They did the test uncuffed and I crept into range.
TSH <0.01miu/L (0.49 - 5.23) like this since starting Liothyronine in 2017
T4 16.5 pmol/L (11.5 - 22.7)
T3 requested but lab refusal (despite abnormal TSH) would expect it to be close to the 2021 result of 6.6 pmol/L (3.1 - 6.8)
First time ever I got these 4 done at the same time.
Ferretin 124 ug/L (22-322) 124 ug/L in 2015 and 277 ug/L in 2017
Vitamin D 69 nmol/L (50-250) was 64 nmol/l in 2017 which was abnormal back then.
I was suprised at this as I have been supplementing 5000iu daily throughout the year (a sublingual tablet) so was worried about it being high!
B12 1301 ng/L (172 - 1162) have been supplementing
Folate 11.6 ug/L (>5.4) was 7.4 ug/L in 2017
So the GP has issues the 125mcg levo prescription and they have upped my vit D prescription from 800iu daily to 5600iu twice a week (I was taking my own vit d 5000iu supp)
So last time I dropped to 125mcg I wrote this to the Endo
__
I have spoken to my GP practice and they don’t want to retest thyroid bloods after the drop in liothyronine back in November. I spoke to them about my unresolved symptoms and they have asked me to refer back to you.

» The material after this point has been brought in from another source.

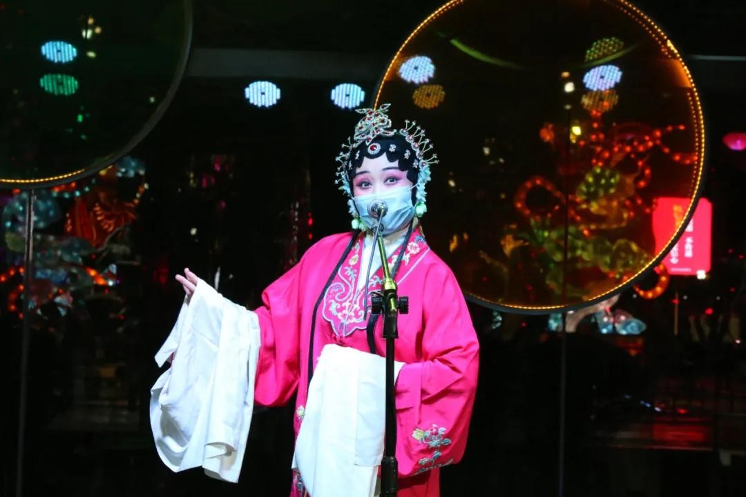 台上的演出没有因为疫情打折扣,只是台下的演员们画着浓妆也会带上口罩等候上场。

As has happened previously the following symptoms have increased.
Continuous:
Fatigue
Constipation
Weight Loss (gradual not sudden)
Tinnitus
Poor sleep
Easily upset
Loss of libido
Mental sluggishness
The below symptoms have never resolved:
Cold extremities
Lack of co-ordination in hands
Difficulty swallowing
Haemorrhoids
Abdominal distension/flatulence
Eyebrow loss (outer third)
Dry Skin
Joint stiffness
Poor Memory
Poor concentration
Loss of drive
Easily upset
Mood changes
Depression
Lack of confidence
__
I am weary mentally and physically and have little fight in me at the moment.
I think I would really like to try NDT, but there is no chance of that with current practioners, its also blacklisted by my CCG. Plus there is the cost aspect. There is no way I can afford private prescription of Armour and the price of Thyroid S isn't particularly cheap.
I have been doing some reading and would trialing Matavive IV give me some indication of wether NDT is the way to go? or just try one order of Thyroid S.
Given my current dosing am I likely to need 2.5-3 grains so bottle could last over 4 months, hopefully enough time to know if its improving things.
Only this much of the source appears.